Entendo a Reparação como um sacrifício de amor. Isso quem me ensinou foi dona Laura e o Padre Romeo, num quarto de hospital, recebendo tratamento quimioterápico. Enquanto a medicação, gota a gota, penetrava as veias dos dois pacientes, falávamos sobre a vida, seu sentido e o porquê de tantos sofrimentos.

Dona Laura, tomada pela fraqueza, falava baixinho, mas o suficiente para que eu entendesse o sentido de sua esperança, força e vontade de lutar. Dizia ela: “graças a Deus entendo melhor agora o que é um sacrifício. Ultimamente, não posso falar muito de Deus. Muitas vezes, acho que não consigo nem rezar quando aperta a dor… Mas, minha missão tem sido oferecer um ofício sagrado: minha dor e meu sofrimento ao Coração de Jesus!”
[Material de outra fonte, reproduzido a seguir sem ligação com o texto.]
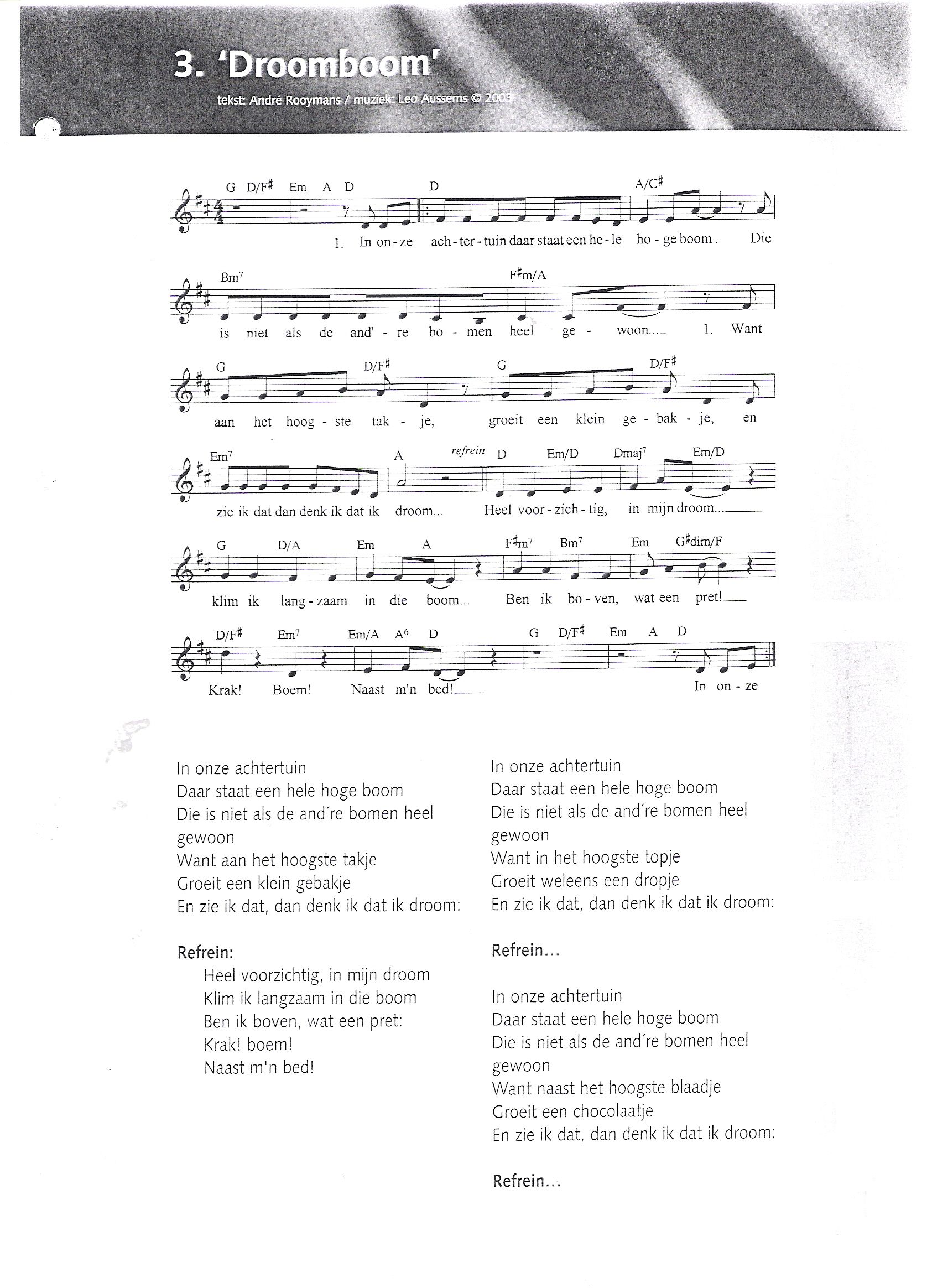 Er wordt gedroomd over een magische boom waar allerlei snoepjes en gebakjes aan groeien. In deze droom klimmen de kinderen omhoog om daar iets van te pakken, maar als ze de top bijna bereikt hebben vallen ze omlaag en liggen ze opeens naast hun bed; ze zijn wakker geworden. Dit kan allemaal door de kinderen uitgebeeld worden, door ze hoog en laag te laten bewegen. Het lied vertelt een verhaal waar een hoop lespotentie in zit(klimmen, dromen, vallen, boom etc.); je kunt de kinderen er een hoop mee laten doen. Voor het aanleren van het liedje is het een suggestie om de kinderen bij elk stukje nieuwe tekst een bepaalde beweging aan te leren, of door bijvoorbeeld met picto’s te werken. Dit lied kan op elk akkoordinstrument begeleid worden(bij veel beweging: bij voorkeur gitaar).

Nessa hora pensei o que, por Cristo, com Cristo e em Cristo, rezamos em cada eucaristia: “Receba, Senhor, por suas mãos, este sacrifício, para a gloria de seu nome, para o nosso bem, e de toda a santa Igreja!” Quanta humanidade escondida na fragilidade física de cada um deste pacientes. Pensei sobre o quanto o mundo precisa de gente humana e humanizadora assim, e no verdadeiro sentido da eucaristia. Um Deus que se dá por amor e que aceita nosso amor como oferenda, também. Esta oferta gera comunhão!

Esta oferta é Reparação! Creio que podemos sim “oferecer” os pequenos sofrimentos do dia a dia, que nos ferem, com frequência, dando-lhes assim um sentido. O que significa “oferecer”? Assim, como para o Padre Romeo, dona Laura e tantos, “oferecer-se” é estar convencido de “poder inserir no grande “com-padecer de Cristo os seus sofrimentos diários”.

Entendo, também, que a solidariedade e a doação livre, muitas vezes, da própria vida, como os mártires, em favor dos pequenos, da justiça, da paz e de um mundo mais fraterno, são também comunhão no amor e resposta de amor: Reparação! Aliás, não nos esqueçamos de que esse é o grande critério de nossa salvação, segundo o evangelho de são Mateus, capítulo 25: “Em verdade vos digo que, quando o fizestes a um destes meus pequeninos irmãos, a mim o fizestes”. Na sede, fome, nudez… do pequeno, Deus aí está! Oferecer um copo de água ao pobre é matar a sede de Deus. Que mistério! A solidariedade é Reparação.

Como Francisco de Assis, Tereza de Ávila, Júlio Chevalier e tantos outros, nunca nos cansemos de gritar, por toda a parte: Amado seja o AMOR, amado seja o Sagrado Coração de Jesus! Eternamente!

Pe. Benedito Ângelo Cortez, mSC é membro da Província de São Paulo dos Missionários do Sagrado Coração.